Patna, Sept. 30: Lalu Prasad smiled and recited a couplet by Allama Iqbal: “Kuchh baat hai ke hasti mit-ti nahin hamari/ Sadiyon raha hai dushman daur-e-jahan hamara.”
Roughly translated, it means: “Somehow my stature doesn’t erode despite the world being against me for ages.”
Few would have disputed the claim at the time, in October 1997. Lalu Prasad was “jailed” at Patna’s Indira Gandhi Institute of Medical Sciences as a fodder scam undertrial but was running Bihar as he used to.
Technically, he was not in power because he had stepped down as chief minister in favour of wife Rabri Devi before being “imprisoned” in July that year. Technically, he was a prisoner in his hospital cabin where he had been shifted from the Bihar Military Police guesthouse — his first “jail” — ostensibly for the treatment of a heart problem.
But he still remained the “Raja of Bihar”, running his party and his wife’s government by “remote control”.
A few things had changed, though.
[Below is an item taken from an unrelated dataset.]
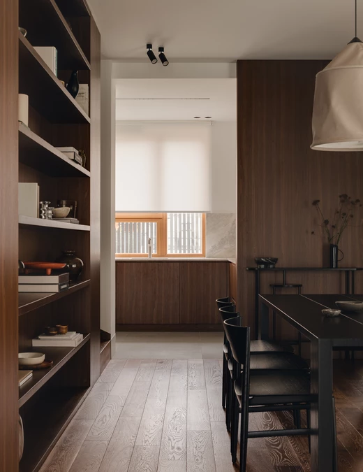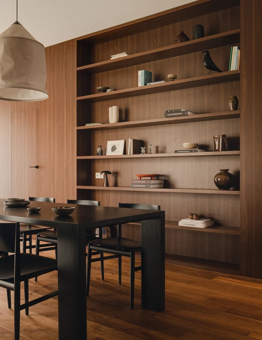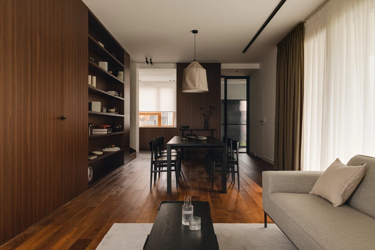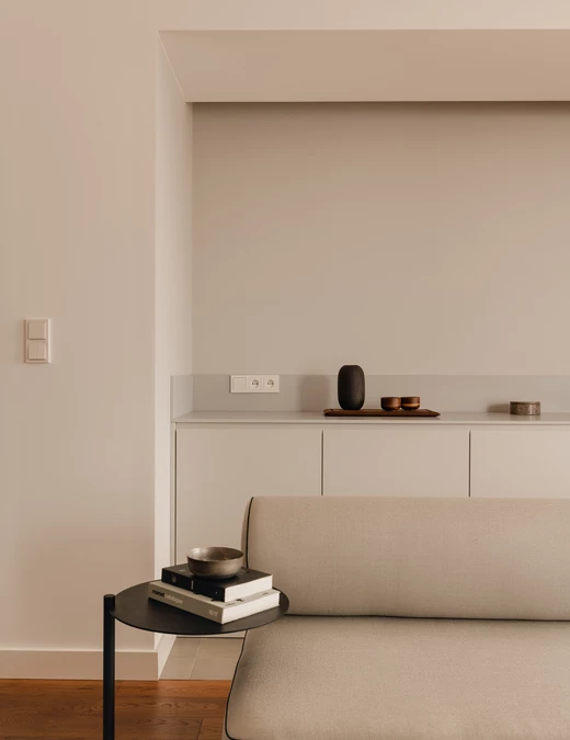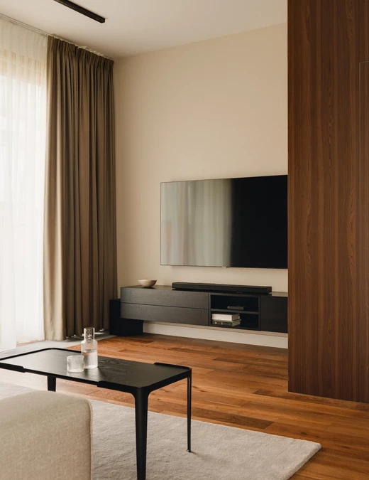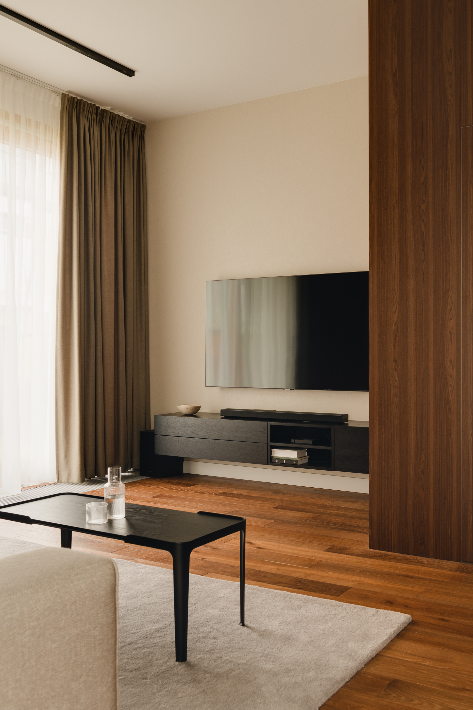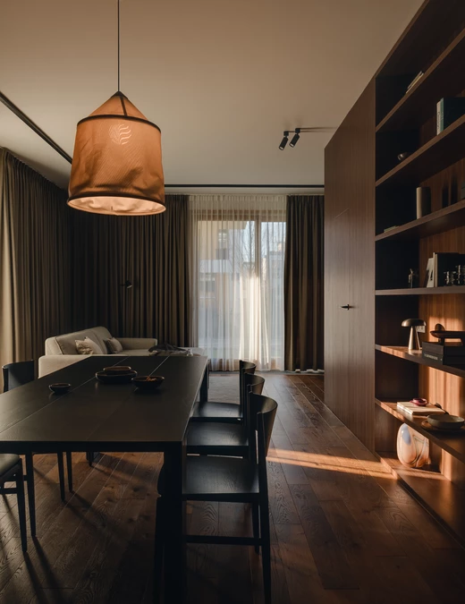 Strefa dzienna łączy salon z jadalnią. Centralnym punktem jest masywny drewniany stół marki LAWA, zestawiony z krzesłami włoskiej marki PORRO. Nad nim zawisła lampa projektu Joan’a Gaspar’a, której nazwa i wygląd nawiązuje do namiotów Beduinów z Afryki Północnej. Elastyczny materiał jej klosza rozprasza światło, wprowadzając miękką atmosferę. W dalszej części architekci zaplanowali strefę wypoczynkową z sofą marki SITS oraz zabudowę RTV ukrytą we wnęce.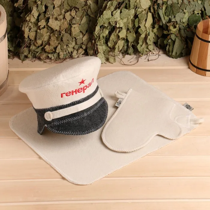 Для комфортного отдыха в парной возьмите с собой набор банных принадлежностей. Предметы из этого комплекта предохраняют тело от перегрева и являются средствами индивидуального пользования. Влажные изделия рекомендуется сушить в расправленном виде на горизонтальной поверхности. Принадлежности из войлока и фетра стирайте вручную при температуре воды 30 °C.

Discarding his pothi-patra jalao (burn religious scriptures) persona, the Rashtriya Janata Dal (RJD) chief had donned a 108-bead rudraksha rosary and wore a vermilion tikka. He had a photo of Goddess Durga hanging on the cabin wall.
“I believe in God now; I have turned vegetarian,” he had told this correspondent that autumn day 16 years ago, indicating his first journey to “jail” had shaken him out of his iconoclastic, non-superstitious persona.
After his conviction today, the thoughts of an out-of-power and isolated Lalu Prasad, stripped of his hasti (status) as MP, may well have turned to those good old days when he could laugh off his periodic incarcerations.
The security personnel deployed to guard him served as his attendants, massaging his feet after dinner. Many of Rabri’s cabinet colleagues constantly met him, and Lalu Prasad would call up government officials from the visitors’ cellphones to issue orders.
Brother-in-law Subhas Yadav (then in the RJD) and other trusted aides brought him milk, dahi and his favourite dishes: litti, chokha and sarson ka saag.
“I’m the president of the party mandated to rule Bihar. What’s wrong in my party leaders calling on me in jail?” Lalu Prasad would say when told that his actions might be violating the prison manual.
When the CBI and some petitioners complained, the Supreme Court ordered him shifted to Patna’s Beur Central Jail.
Lalu Prasad received bail in the case after nearly five months, in time for him to join Chhat festivities at the Pehalwan Ghat here.
He was sent to jail six times between July 1997 and December 2001, for periods ranging from 15 days to almost five months, but he didn’t care.
“It hardly matters whether I’m in jail or out of it. The poor know that their voice is locked in jail. They will not tolerate my humiliation; they’ll vote with a vengeance for my party,” Lalu would tell visitors.
His party won 17 Lok Sabha seats in 1998 and he led the Rabri government back to power after a few days’ gap following a hung verdict in the 2000 elections.
His opponents crowed when he had to go to jail in Ranchi in December 2001 after Jharkhand had been carved out of Bihar and some of the fodder cases transferred to the new state, ruled by BJP chief minister Babulal Marandi.
“The Marandi government will not allow the liberties Lalu had been taking in Bihar’s jails. He will have to live as a regular prisoner,” the BJP’s Sushil Modi, then leader of the Bihar Opposition, had announced with a sense of victory.
Modi’s enthusiasm was short-lived. The RJD boss had a “friend” in Jharkhand Assembly Speaker Inder Singh Namdhari of the Janata Dal (United), who called on him at the Bacon Factory guesthouse where he was incarcerated. The nine RJD members in the Jharkand House too regularly met him.
Justifying his visit to Lalu Prasad, Namdhari said: “So what if he is in jail? I have been his cabinet colleague in Bihar. Courtesy demanded that I visit him.”
To the dismay of Lalu Prasad’s opponents in Bihar, the Marandi government did not treat him too harshly during the one-month period he was in jail before receiving bail.